FAA Proposes Certifying 10 UAS for Airworthiness
Tuesday, November 24, 2020 | Comments

The Federal Aviation Administration (FAA) published airworthiness criteria for the proposed certification of 10 different unmanned aircraft systems (UAS), also known as drones, as special class aircraft. This is a crucial step to enabling more complex drone operations beyond what is allowed under the Part 107 small unmanned aircraft rule, including package delivery.

“The development of airworthy, durable and reliable unmanned aircraft is a crucial step forward for this innovative sector,” said Dr. Michael C. Romanowski, director of aircraft certification service policy and innovation. “Type certification will help increase both public and regulatory confidence in drone technology as operations become more advanced.”

The airworthiness criteria provide a level of safety equivalent to that provided by existing airworthiness standards applicable to other categories of aircraft and establish a defined path to type certification for specific drones.

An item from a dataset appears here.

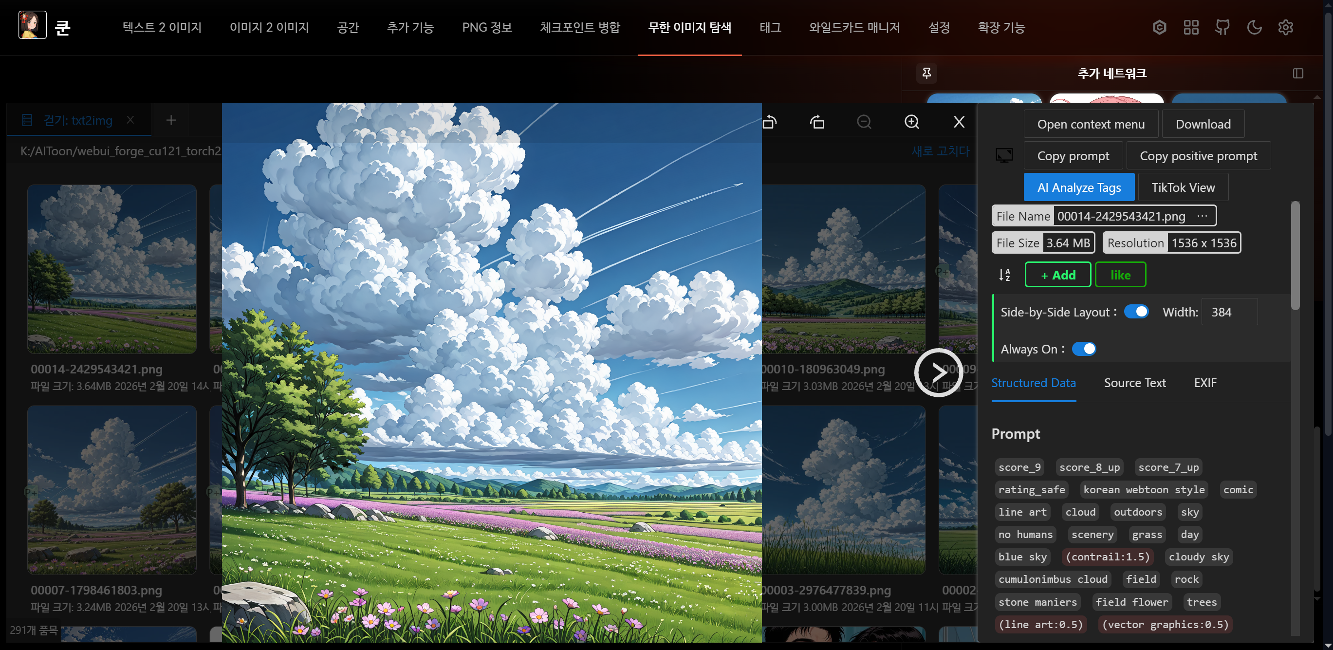 세부정보 열람은 Png Info탭과 같은 기능을 가지고 있다고 보시면 됩니다.
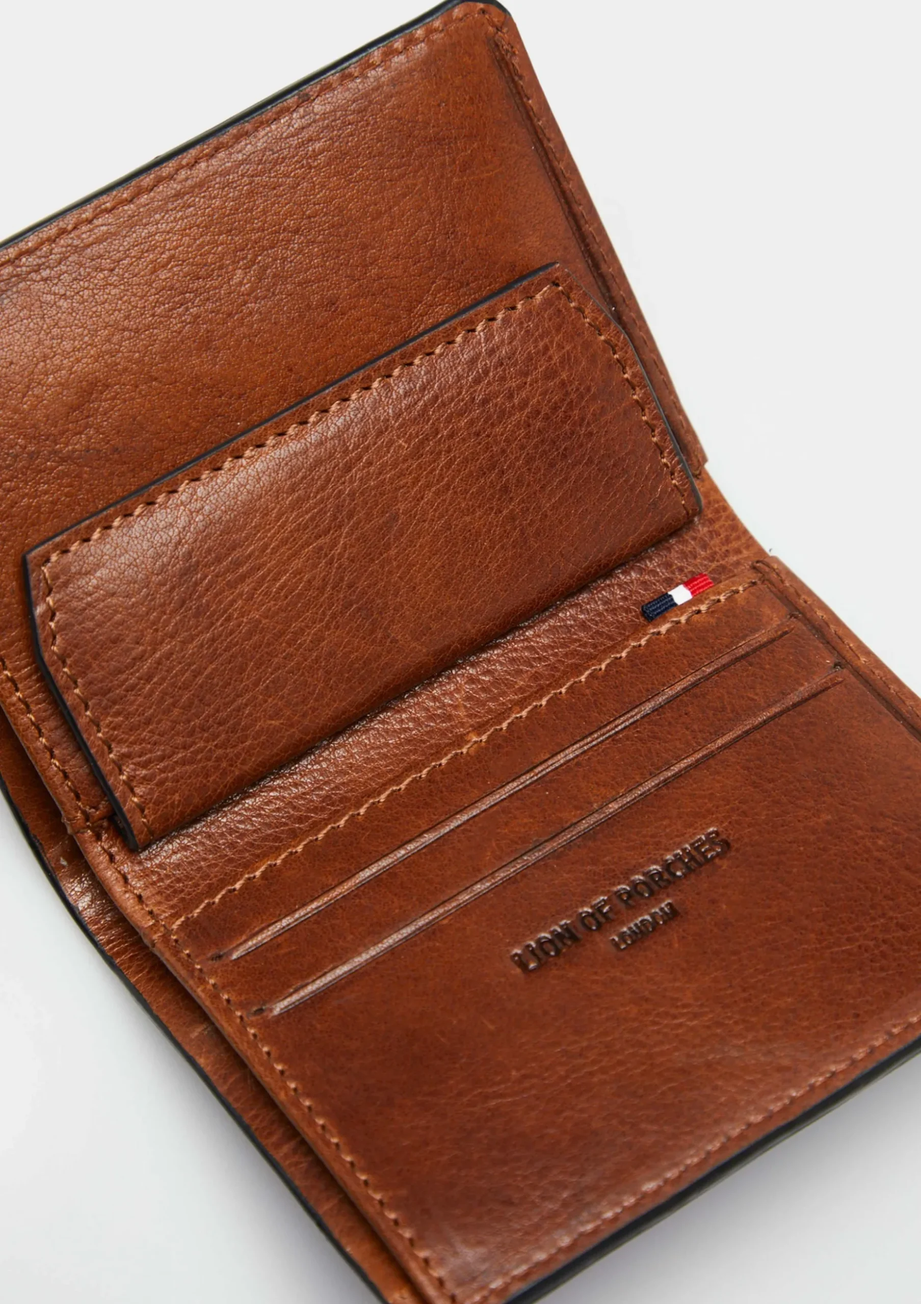 Carteira 100% pele com ranhuras para cartões e compartimentos para moedas. Logotipos gravados e fita corporativa.

Each applicant seeking a type certificate must follow FAA’s requirements and safety objectives.

Airworthiness criteria notices are published in the Federal Register for 3D Robotics, Airobotics, Amazon, Flirtey, Flytrex, Matternet, Percepto, Telegrid, Wingcopter and Zipline.

The applicants’ drones range from 5 – 89 pounds and include several types of vehicle designs, including both fixed wing and rotorcraft, and are all electric powered. Each notice outlines the applicant’s proposed UAS for certification and the airworthiness criteria proposed by the FAA. This is a step in the certification process and does not imply these applicants have earned type certificates. Final determination of whether a specific drone meets FAA safety requirements will occur after the applicant demonstrates they have complied with these requirements.

The public has 30 days to comment on each applicant’s airworthiness criteria, and deadlines are specified in each individual notice. The FAA will consider the comments as it establishes criteria for type certifying each UAS and will publish final airworthiness criteria after the comment period closes.